● **INFORMATION SUPPLIED**:
---

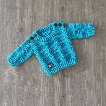 JACK CROCHET BABY AND KIDS SWEATER CROCHET PATTERN PDF - A cozy textured cabled baby and kids pullover sweater available in 9 sizes from Newborn to 10 years. Made seamless all in one bottom up so no sewing of seams. Unisex - Boy or Girl.
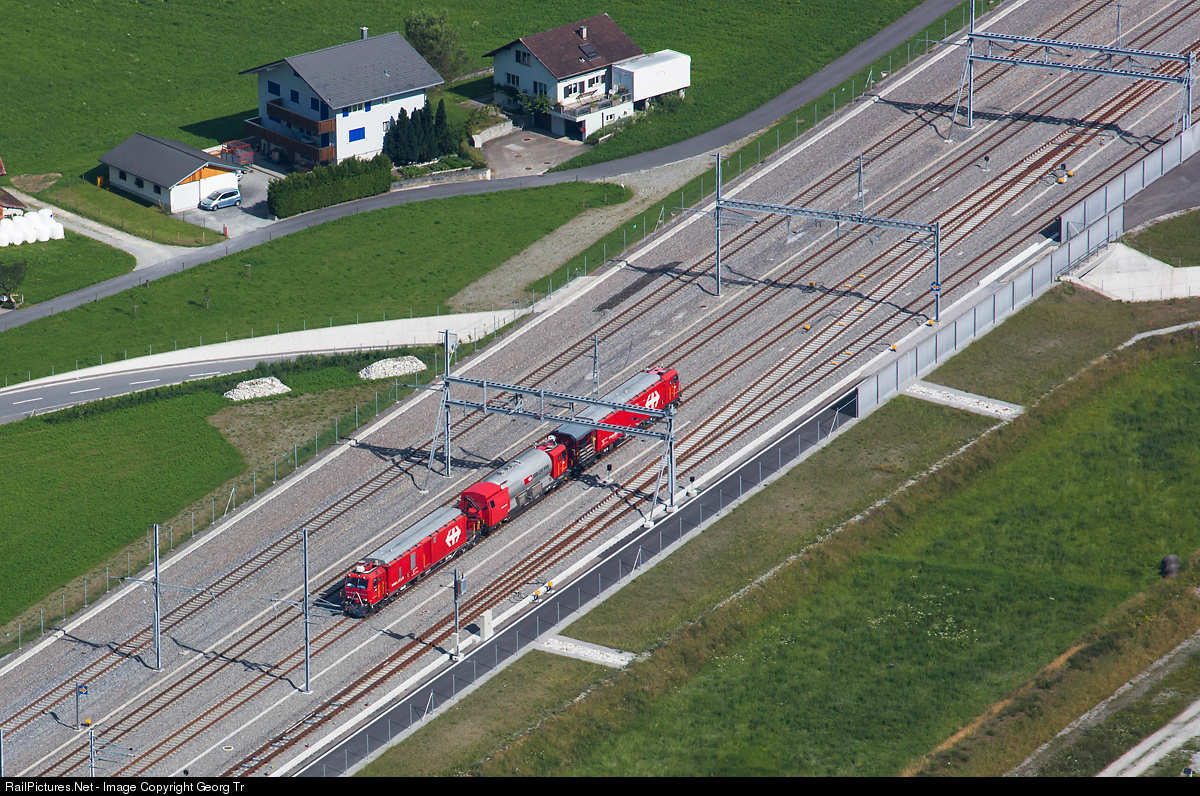 | View down from the mountain on the 4 tracks at Rynächt going to the Gotthard. The outer tracks are coming from/going to the Gotthard mountain line (Erstfeld), the two tracks in the middle to the Gotthard Base Tunnel. The fire-fighting and rescue train "LRZ 08" XTmas # 9177 004 "Lausanne" (which is based in Erstfeld in the moment) is rolling southward. |
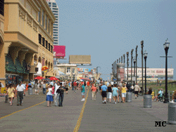 Atlantic City, NJ is right on the Atlantic Ocean, and has gently sloping sand beaches that go right down to the waters edge. Along these sand beaches is the famous boardwalk. Atlantic City was the first to have a boardwalk; the boardwalk being the solution chosen to reduce the amount of sand tracked into hotel lobbies by the hotel guests. The first boardwalk, built in 1870, was only 8 feet wide and was built in 12 foot sections, so that it could be taken up during the winter months, and stored. The present-day boardwalk is 60 feet wide and a little more than 4 miles in length. The boardwalk extends another one and one half miles into Ventnor City, making it the longest boardwalk in the world.

---

All of the data above should be quoted exactly, except for the pictures.

 JACK CROCHET BABY AND KIDS SWEATER CROCHET PATTERN PDF - A cozy textured cabled baby and kids pullover sweater available in 9 sizes from Newborn to 10 years. Made seamless all in one bottom up so no sewing of seams. Unisex - Boy or Girl.
 | View down from the mountain on the 4 tracks at Rynächt going to the Gotthard. The outer tracks are coming from/going to the Gotthard mountain line (Erstfeld), the two tracks in the middle to the Gotthard Base Tunnel. The fire-fighting and rescue train "LRZ 08" XTmas # 9177 004 "Lausanne" (which is based in Erstfeld in the moment) is rolling southward. |
 Atlantic City, NJ is right on the Atlantic Ocean, and has gently sloping sand beaches that go right down to the waters edge. Along these sand beaches is the famous boardwalk. Atlantic City was the first to have a boardwalk; the boardwalk being the solution chosen to reduce the amount of sand tracked into hotel lobbies by the hotel guests. The first boardwalk, built in 1870, was only 8 feet wide and was built in 12 foot sections, so that it could be taken up during the winter months, and stored. The present-day boardwalk is 60 feet wide and a little more than 4 miles in length. The boardwalk extends another one and one half miles into Ventnor City, making it the longest boardwalk in the world.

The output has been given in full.